Özellikle gençler, üniversite çevreleri, insan hakları savunucuları ve bazı dini gruplar, İsrail'e karşı boykot çağrılarında bulunuyor.
ABD'de 2023 sonundan bu yana New York, Washington, Chicago ve San Francisco gibi şehirlerde on binlerce kişinin katıldığı protestolar düzenleniyor.
Ülkede İsrail'in Filistin topraklarındaki işgallerine karşı en görünür kampanyayı Boykot, Yatırımların Geri Çekilmesi ve Yaptırımlar (BDS) hareketi yürütüyor.
BDS, üniversitelerde İsrail ile akademik işbirliklerinin sonlandırılması, büyük şirketlerin İsrail ile olan yatırımlarını çekmesi ve tüketicilerin İsrail ürünlerinden uzak durması için kampanyalar düzenliyor. Columbia, Harvard, MIT ve Berkeley gibi birçok üniversitesinin kampüsünde öğrenciler İsrail'e yatırımların geri çekilmesine yönelik baskı yapıyor.
CocaCola, Starbucks, McDonald's, Google gibi küresel şirketler de Gazze saldırıları nedeniyle ABD kamuoyunda protesto ediliyor. Bazı tüketici boykotları sonucunda şirketlerin imajı zarar görürken, İsrail ile ticari ilişkileri bulunan markalar bireysel olarak hedef alınmaya devam ediyor.
Kanada
Kanada'da Gazze'deki insani kriz ve İsrail'in uluslararası hukuku ihlal eden eylemleri kamuoyunda tepki topluyor.

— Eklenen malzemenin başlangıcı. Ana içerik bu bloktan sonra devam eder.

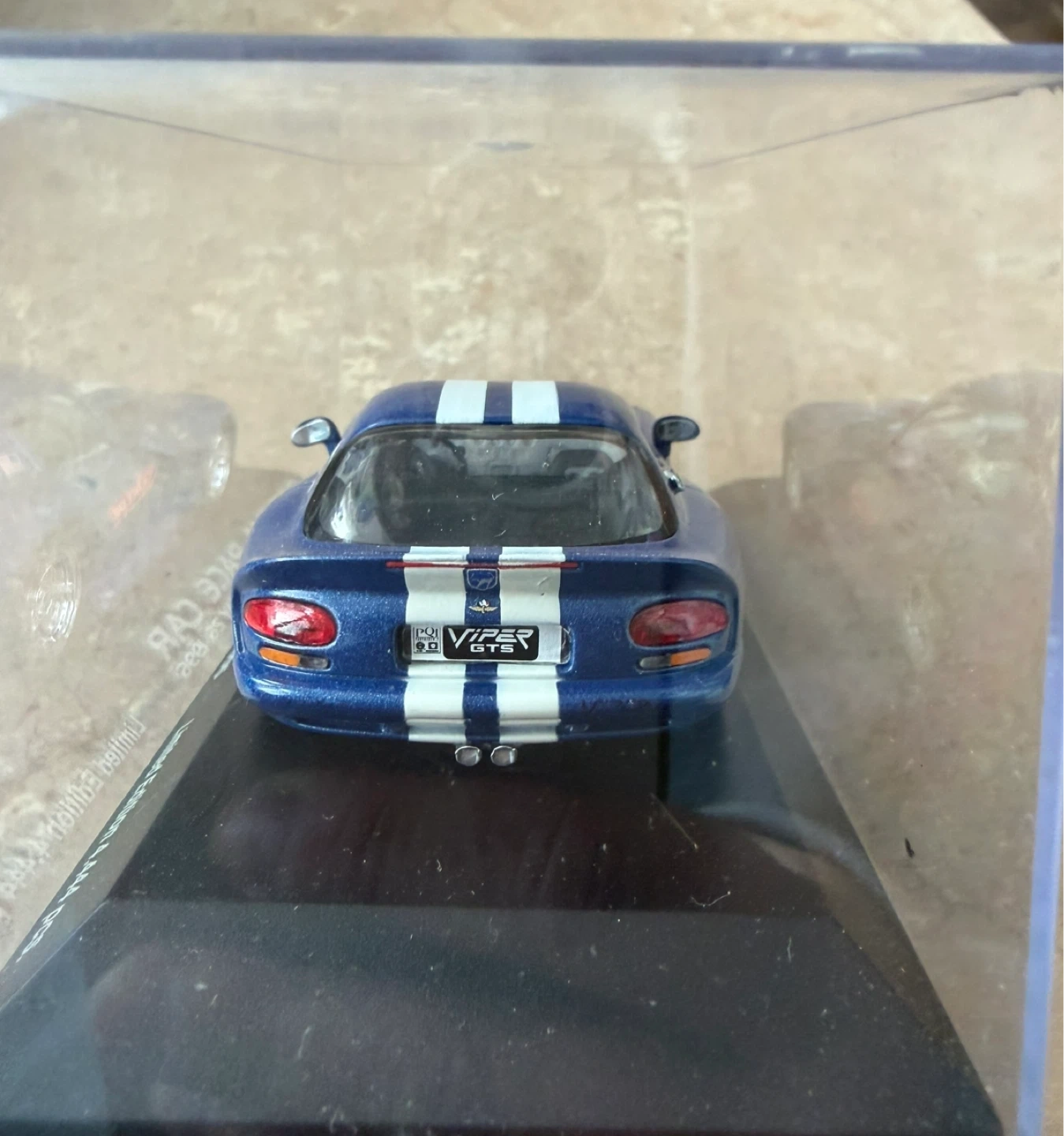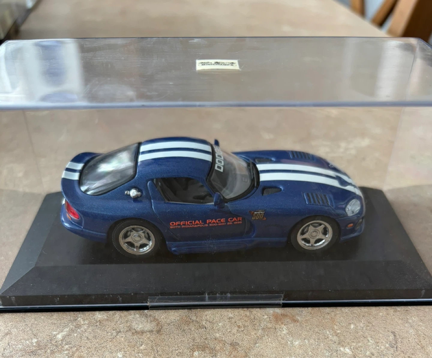 This is a 1996 Dodge Viper GTS Official Pace Car diecast model. It's a limited edition of 4,444 pieces commemorating the 80th Indianapolis 500 on May 26, 1996. The model is blue with white racing stripes.

Kanada hükümeti, bu yıl Birleşmiş Milletler Genel Kurulu'nda Filistin Devleti'ni tanımaya hazırlanıyor. Hükümet, Batı Şeria'daki yasa dışı yerleşimlerle bağlantılı bazı kişi ve kuruluşlara yaptırımlar açıklarken, bu kapsamda finansal kısıtlamalar ve seyahat yasakları uygulamaya konuldu.
Ayrıca İsrail'e yönelik belirli savunma ürünleri ve bileşenlerinin ihracat lisansları da askıya alındı. Ülkede faaliyet gösteren çok sayıda sivil toplum kuruluşu, tüketicilere İsrail menşeli ürünleri satın almama çağrısı yapıyor.

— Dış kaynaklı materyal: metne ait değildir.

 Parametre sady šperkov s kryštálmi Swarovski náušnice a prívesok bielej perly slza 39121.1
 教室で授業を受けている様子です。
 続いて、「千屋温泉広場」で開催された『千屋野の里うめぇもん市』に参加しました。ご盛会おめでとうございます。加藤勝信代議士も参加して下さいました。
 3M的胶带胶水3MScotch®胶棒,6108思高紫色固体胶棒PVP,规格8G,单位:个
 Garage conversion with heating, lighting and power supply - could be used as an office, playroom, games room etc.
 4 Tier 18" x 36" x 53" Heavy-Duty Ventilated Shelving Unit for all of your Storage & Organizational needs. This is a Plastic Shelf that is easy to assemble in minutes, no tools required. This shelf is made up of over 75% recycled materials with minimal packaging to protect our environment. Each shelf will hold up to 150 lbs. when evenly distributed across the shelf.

Tüketici boykotları özellikle gıda ürünleri üzerinde yoğunlaşıyor. İsrail'den veya işgal altındaki topraklardan gelen hurma ve narenciye gibi tarım ürünlerinin satışına karşı çıkılıyor.

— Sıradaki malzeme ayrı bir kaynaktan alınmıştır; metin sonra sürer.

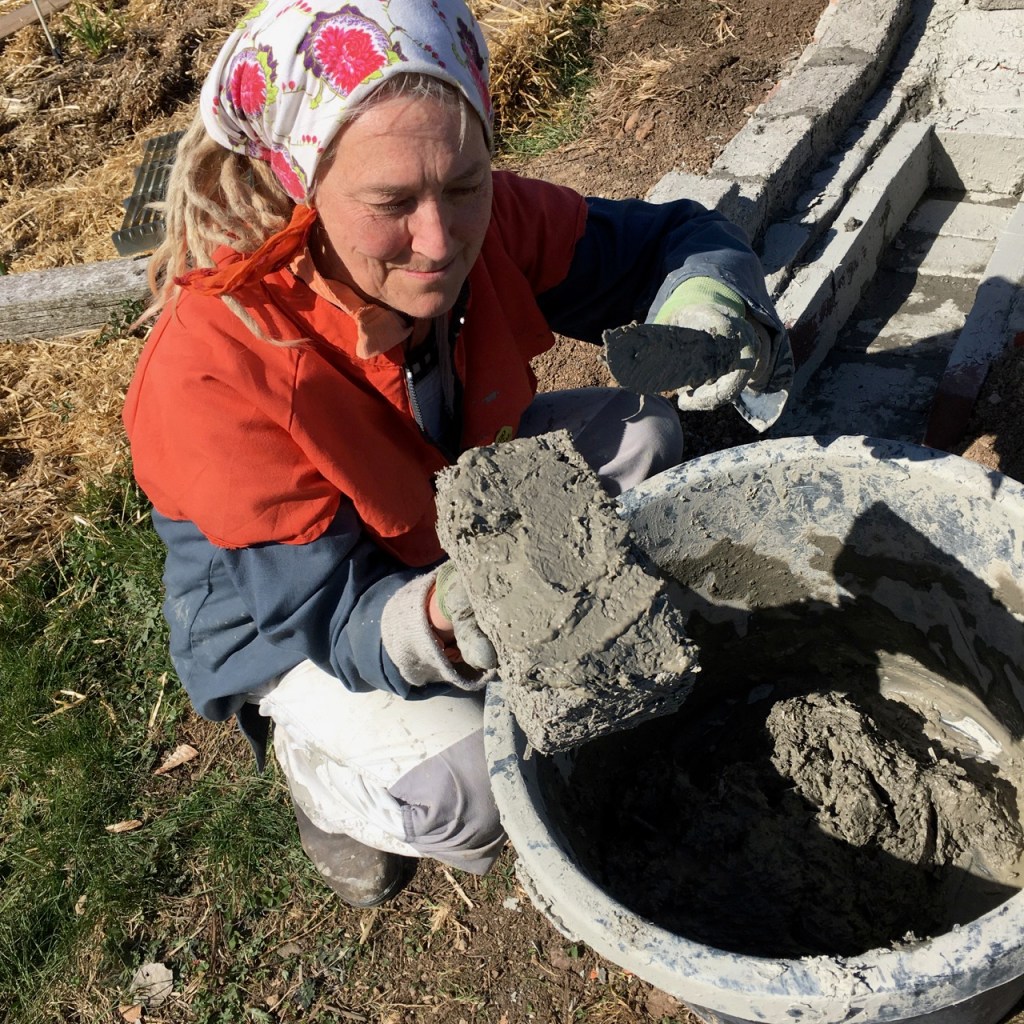 se på detta extreeemt nöjda uttryck. Vi är igång! Vi bygger ugn! Vi har hjärta, fötter och väder på vår sida, plus mycket planerande bakom oss.

Kanada, İsrail ile yürürlükte olan serbest ticaret anlaşmasını sürdürse de bu durum Orta Doğu'da Adalet ve Barış İçin Kanadalılar (CJPME) gibi bazı sivil toplum kuruluşlarının eleştirilerine neden oluyor. Özellikle işgal altındaki topraklarda üretilen ürünlerin bu anlaşma kapsamında Kanada pazarına girmesi tepki çekiyor.
Ayrıca İsrail merkezli bazı teknoloji şirketlerinin ürünleri de boykot kampanyalarının hedefinde yer alıyor. Üniversitelerde de İsrail ile iş birliklerinin durdurulmasına yönelik protestolar düzenleniyor.
Latin Amerika
Latin Amerika ülkelerinde Gazze'de yaşananlar ve İsrail'in uygulamaları kamuoyunda yankı buluyor.
Bölgedeki bazı hükümetler, İsrail ile ekonomik ve diplomatik ilişkilerde temkinli adımlar atarken, sivil toplum kuruluşları ve aktivist gruplar boykot kampanyaları düzenliyor.
Brezilya, Arjantin, Meksika ve Şili gibi ülkelerdeki sivil toplum kuruluşları İsrail menşeli ürünlerin satın alınmaması çağrısında bulunuyor. Özellikle işgal altındaki Filistin topraklarında üretilen gıda ve tarım ürünleri boykot kampanyalarının odağında yer alıyor.
Bölgedeki hükümetler genel olarak İsrail ile ticaret anlaşmalarını sürdürürken, sivil toplum kuruluşları işgal altındaki Filistin topraklarında üretilen ürünlerin ithalatının yasaklanması için hükümetlere baskı yapıyor.